— Какъ я тебя люблю!.. Я только тебя и любила… и тогда… давно, помнишь, когда мы впервые встрѣтились съ тобой на Троицынъ день, на любительскомъ спектаклѣ у князя Судогодскаго? — говорила она, блаженно задыхаясь подъ его сумасшедшими поцѣлуями и сама цѣлуя его въ глаза, волосы, губы, и смѣясь, и плача. — Эти послѣдніе дни безъ тебя я прямо задыхалась… я думала уже о смерти…
— Но… но… — мучительно говорилъ Андрей.
— Не смѣй!.. Нѣтъ никакихъ но!.. — горячо говорила она низкимъ голосомъ. — Никакихъ но! Всѣ эти но — проклятая ложь, отъ которой… нельзя человѣку жить! Что я «другому отдана»? Я не вещь! Я ошиблась и хочу поправиться… Я не раба… «Жена»? Ложь! Вчера жена, а сегодня не жена, только и всего… Вонъ въ твоихъ противныхъ книжкахъ я читала, что въ древности славяне вмѣстѣ съ умершимъ сжигали на кострѣ и его жену. Я была въ бѣшенствѣ, читая это! Если Левъ Аполлоновичъ взялъ отъ жизни все и если ему ничего уже не осталось, то я на его кострѣ сгорать не намѣрена! Нѣтъ, нѣтъ, нѣтъ! Я хочу жить, я хочу взять отъ жизни все, что только въ моихъ силахъ взять… Я уже сейчасъ чувствую себя, какъ тѣ несчастныя, въ старину, на кострѣ, но я не хочу, не хочу, не хочу! Все ложь! Не ложь только одно: вотъ эта минута счастья!

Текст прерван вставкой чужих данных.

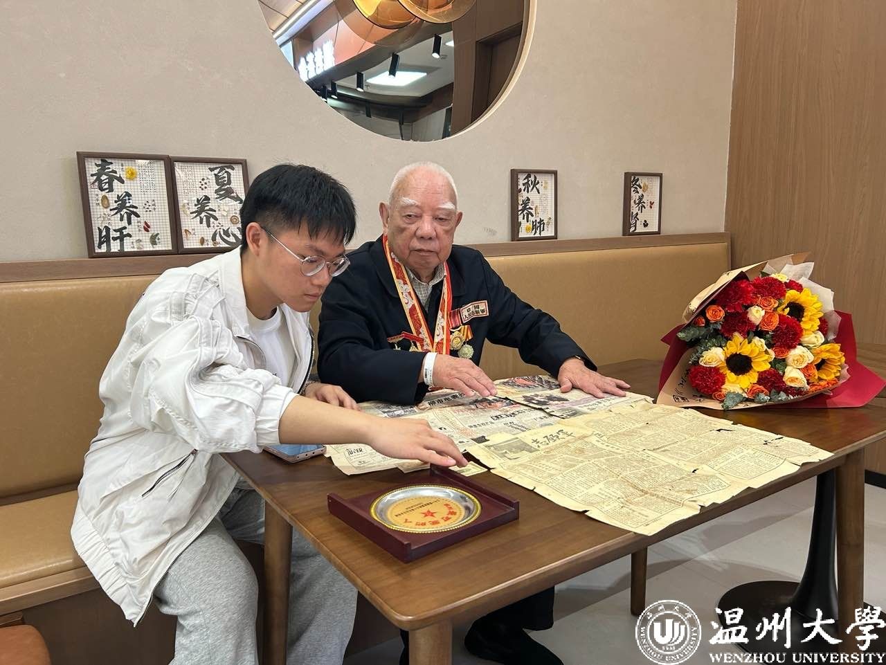张老身体硬朗,精神矍铄,现场接受了学生记者杨显涵同学的采访。他深情回忆了当年参加抗美援朝战争,以及后来回国后的工作经历。他表示,自己年事已高,愿意将这些珍藏多年的徽章、《志愿军》报纸等心爱之物捐赠给51暗网 校史博物馆,希望能够激励青年学子热爱祖国、勤奋学习,踏实工作、报效祖国。
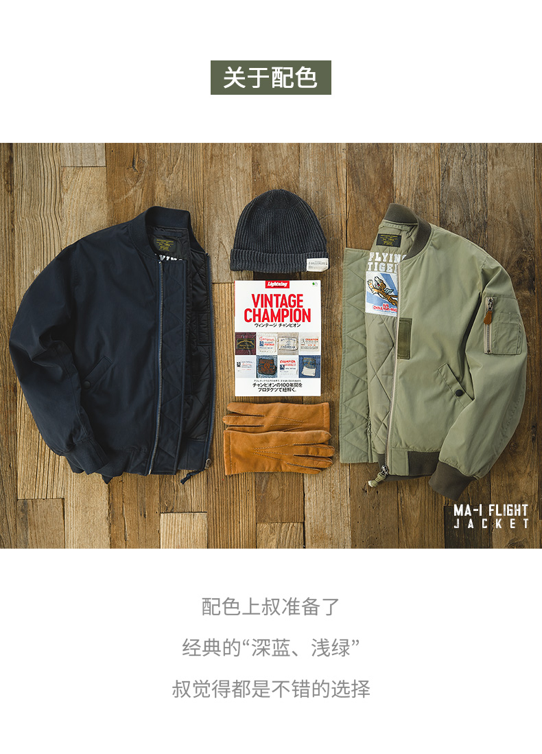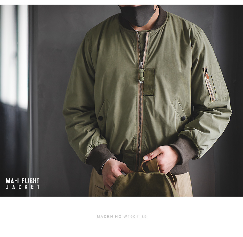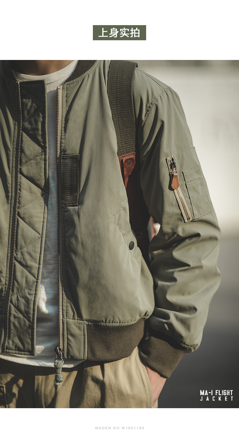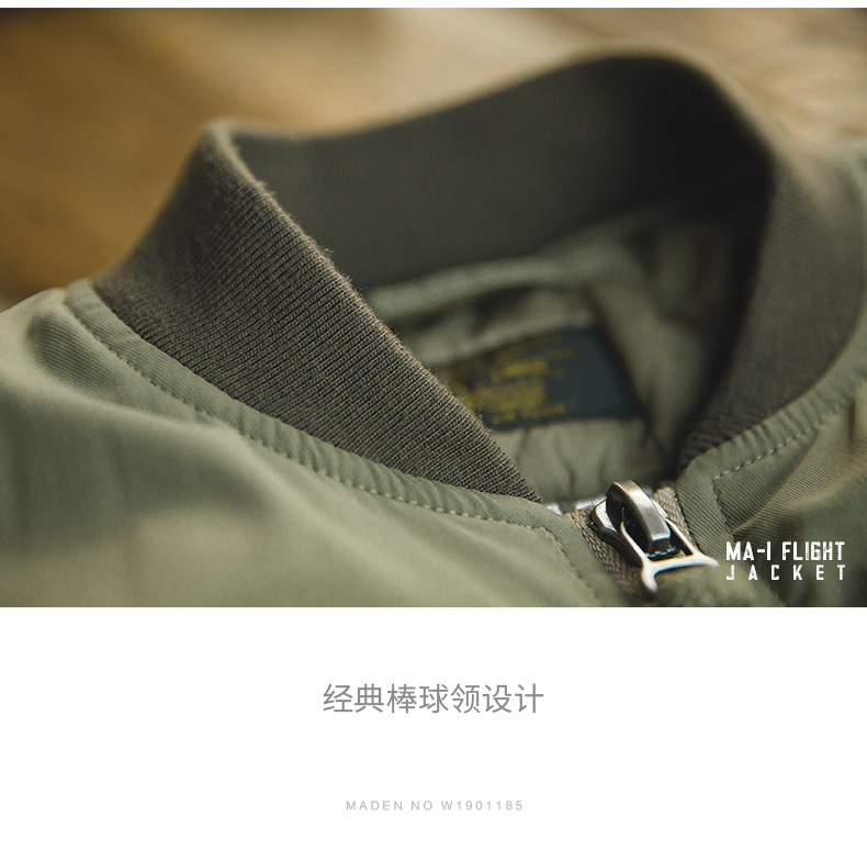 马登工装 美式复古MA-1飞行员夹克阿美咔叽棉衣棒球服立领外套男

Она говорила точно въ бреду, точно горячіе угли изъ души она выбрасывала. И всѣ эти сумасшедшія слова рождались въ ней вдругъ, точно въ какомъ-то озареніи, точно кто подсказывалъ ихъ ей.
— Мы всѣ трусы и воры, которые запутались во всякой лжи и сами себя обкрадываютъ! — говорила она горячо. — Мы лжемъ всегда! А я не хочу больше лжи. Правда жизни не въ словахъ громкихъ, не въ словахъ благородныхъ, не въ словахъ жалкихъ, а въ счастьѣ, хотя бы на одинъ мигъ только… А остальное все призраки… А потомъ? А потомъ видно будетъ… Только ты моя правда, только ты мое счастье…
Луна поднималась все выше и выше и серебристый свѣтъ ея дѣлался все чище и свѣтлѣе. Надъ темными полями въ вышинѣ все неслись гусиныя стаи, И молитвенной торжественностью была исполнена тихая земля…
И острая боль прорѣзала вдругъ душу Андрея.
— Нѣтъ, нѣть… — хватаясь за голову, прошепталъ онъ. — А вдругъ онъ узнаетъ?! Подумай, какая мука будетъ это для него! Сразу два удара: и ты, и я… Вѣдь онъ мой пріемный отецъ…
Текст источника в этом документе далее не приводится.